One question that frequently comes in the mind of people getting started in the field of Machine Learning is “What matters more- data or the choice of algorithm?”. More specifically what is the effect of having more training data on different algorithms?, how does the accuracy of various algorithms change when provided with more data.
A study of this kind was conducted by two Microsoft scientists, Michele Banko and Eric Brill in the year 2001. Their paper “Scaling to Very Very Large Corpora for Natural Language Disambiguation” can be found over here. They studied how different algorithms performed on a very complex complex problem of Natural Language Disambiguation once they are provided with more and more data. The graph below is from the original paper, it shows how the test accuracy(on the vertical axis) of different algorithms varies with training data(on the horizontal axis- in millions of words).

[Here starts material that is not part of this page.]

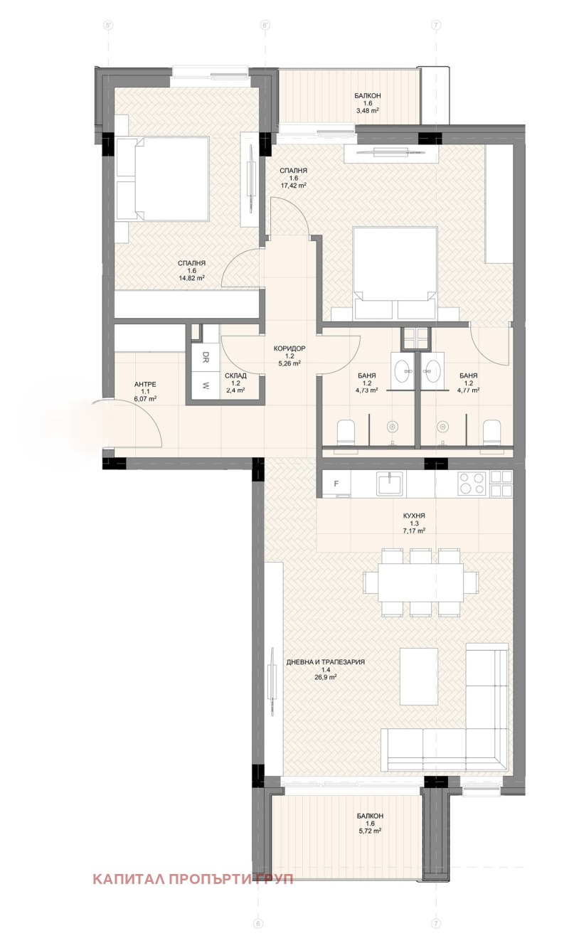 Две самостоятелни спални - 14 и 17 кв м , едната със собствена баня 🛏 ️ 🛏 ️

In the graph it can be clearly seen that all algorithms including very simple algorithms start to perform very well at the task once they have been provided with sufficiently high training data. The researchers further proposed that the research community should direct efforts towards increasing the size of the annotated training collections, while de-emphasising the focus on comparing different learning techniques trained only on small training data/corpora.
Another study was conducted in this field by Peter Norvig and others in a paper titled “The Unreasonable Effectiveness of Data” published in 2009. The paper takes forward the idea that size of the training data matters more than algorithms. The paper explicitly states the importance of data over algorithm as- “simple models and a lot of data trump more elaborate models based on less data”.
A study conducted by James Hays and Alexei A. Efros in a paper titled “Scene completion using millions of photographs” compared how the accuracy of models varied over the size of training data. They concluded that when using a training set of a thousands of photos the results were poor but once they had a training set of millions of photos, the same algorithms performed very well.
It would therefore seem quite logical to dump the use of complex algorithms and move to making use of larger datasets. However it should be noted that it is not always cheap and feasible to get more data. Most of the datasets available even nowadays are small and medium sized. It is due to these conditions that in practical scenarios the choice of algorithms still matter.